Most-favoured-nation clauses
How has the competition authority in your jurisdiction dealt with most-favoured-nation clauses?
IN Booking.com (case no. 596/2013) and Expedia (Case no. 595/2013) SCA investigated most-favoured-customer clauses at retail level and parity clauses regarding price. The parity clauses applied by the market participants required the hotels to offer their rooms on the platforms at terms no less favorable compared to competing platforms (horizontal parity clause) and the hotels’ own websites (vertical parity clause). The parity clauses covered only prices that were generally available. The SCA considered the horizontal parity clauses to be restrictive due to the creation of price uniformity between both online booking websites and online travel agency websites. Booking.com and Expedia both offered undertakings to change the terms and conditions and not to apply the horizontal parity clauses and consequently the SCA closed its investigation.

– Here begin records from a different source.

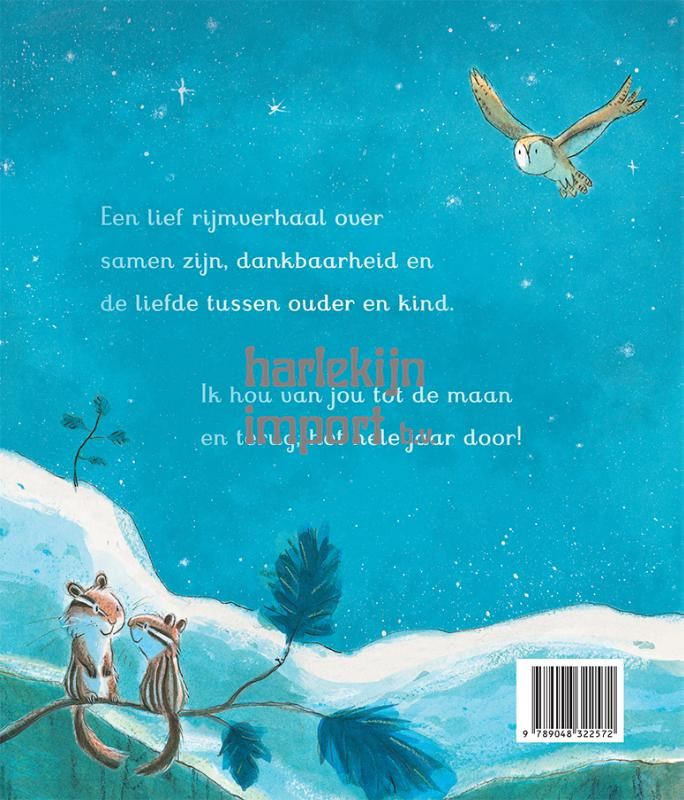 Een lief rijmverhaal over samen zijn, dankbaarheid en de liefde tussen ouder en kind. Ik hou van jou tot de maan en terug het hele jaar door!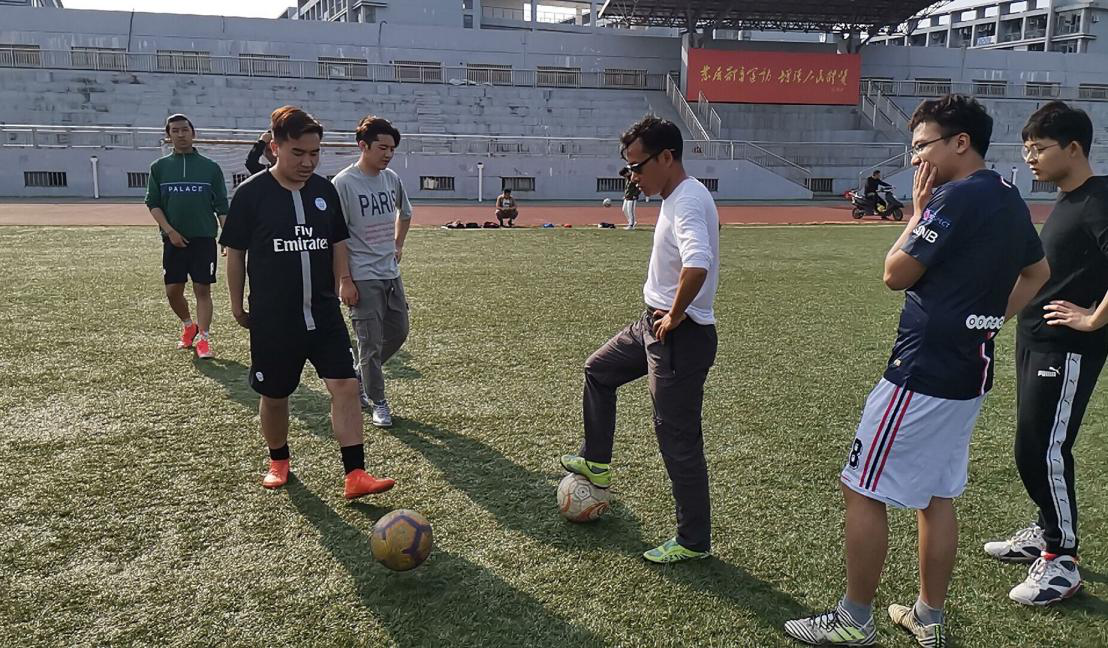纪老师在操场指导足球技巧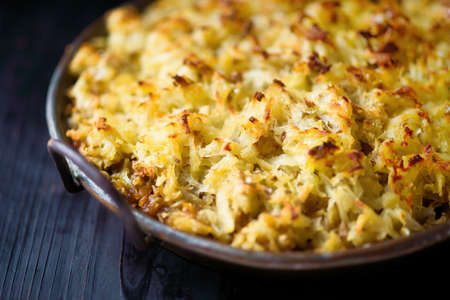 Fish pie, fisherman pie, made with white fish poached in a white sauce and topped with mashed potatoes, british cuisine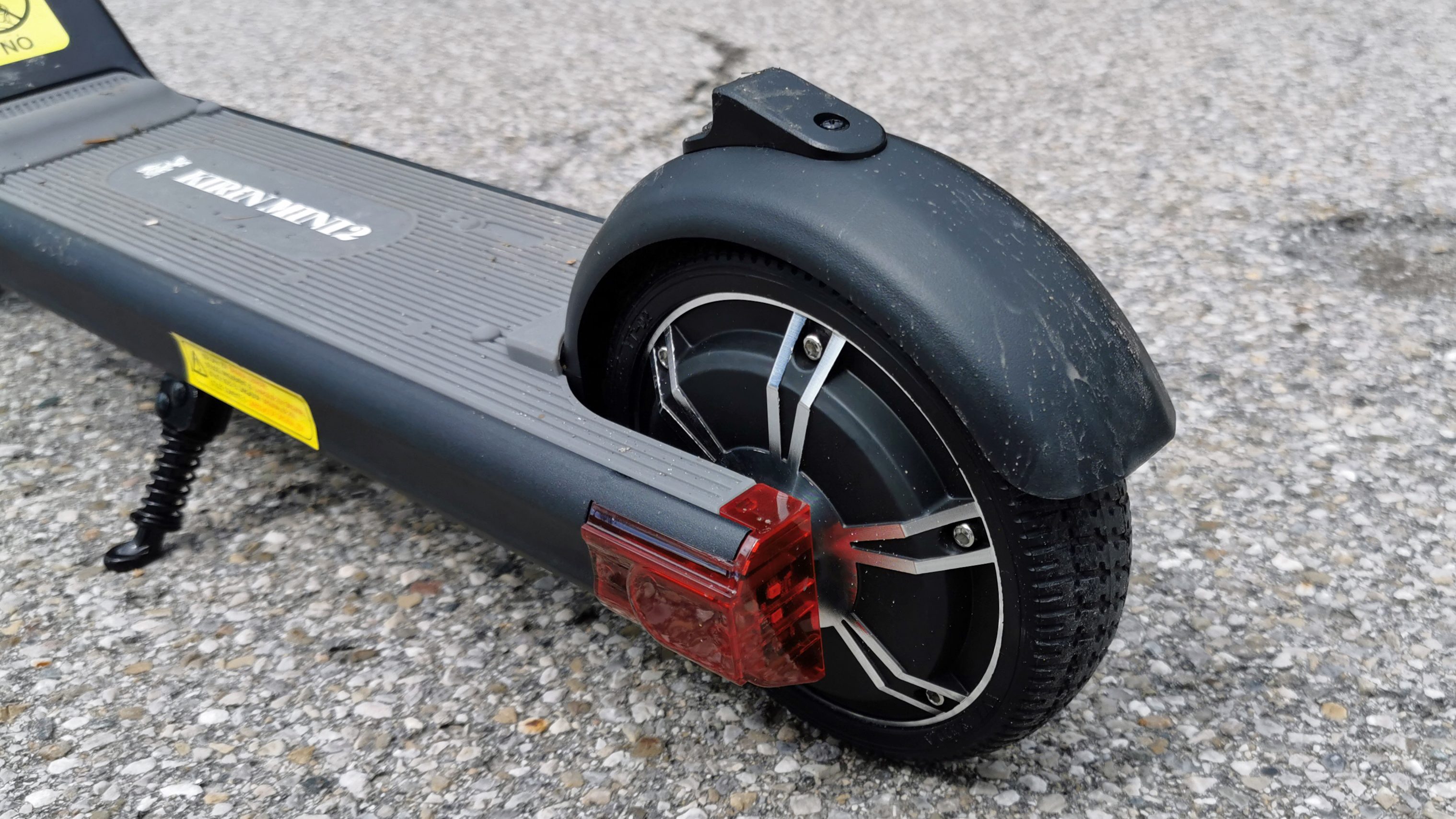 Statt auf Luft-Reifen setzt der Kirin Mini 2 auf verhältnismäßig weiche Vollgummireifen. In Sachen Fahrkomfort kann das zwar nicht mit luftgefüllten Reifen mithalten, für eine Runde auf dem Campingplatz ist das aber vernachlässigbar. Die an unserem Test-Scooter installierten Bremsleuchten sind zwar theoretisch sinnvoll, bei Sonnenschein ist die rote LED des Kirin Mini 2 aber kaum zu erkennen. Gleiches gilt für die Status-LED, welche den Geschwindigkeitsmodus anzeigt.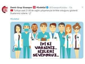 DG Sivasspor Kulübü, sosyal medya hesabından korona virüsü salgını nedeniyle yoğun çalışan sağlık görevlileri için anlamlı bir paylaşımda bulundu.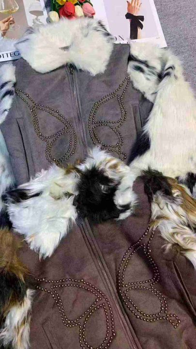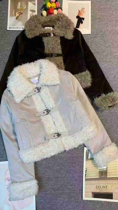 美拉德盐系轻熟毛毛拼接加绒外套,[爱心]35件左右,两个款,码数S-L,穿70-130斤,万佳档口货,原包装️无瑕疵,[666]实体店品质

The SCA decided not to comply with the vertical parity clauses as they were not considered to be as harmful to competition as the horizontal parity clauses. However, Visita, the trade and employer organization representing the Swedish hospitality sector, brought a subsequent private enforcement action against Booking.com and successfully asked the Patent and Markets Court to order Booking.com to cease its application of vertical parity clauses. In May 2019, the Patents and Markets Court of Appeal announced its judgment (PMT 7779-18) overturning the Patents and Markets Court’s judgment. The Patents and Markets Court found that Visita had not proved that the vertical parity clause was restrictive of competition, either by object or effect, in the identified relevant markets.
Versatile digital markets
How has the competition authority in your jurisdiction addressed vertical restraints imposed on diverse digital markets? How have potential efficiency arguments been addressed?
As far as we know, SCA has not assessed any such cases.
Other problems
Have any other key issues arisen in your jurisdiction in relation to the application of competition law to vertical agreements in digital markets?
To our knowledge, no other key issues have been noted by the SCA.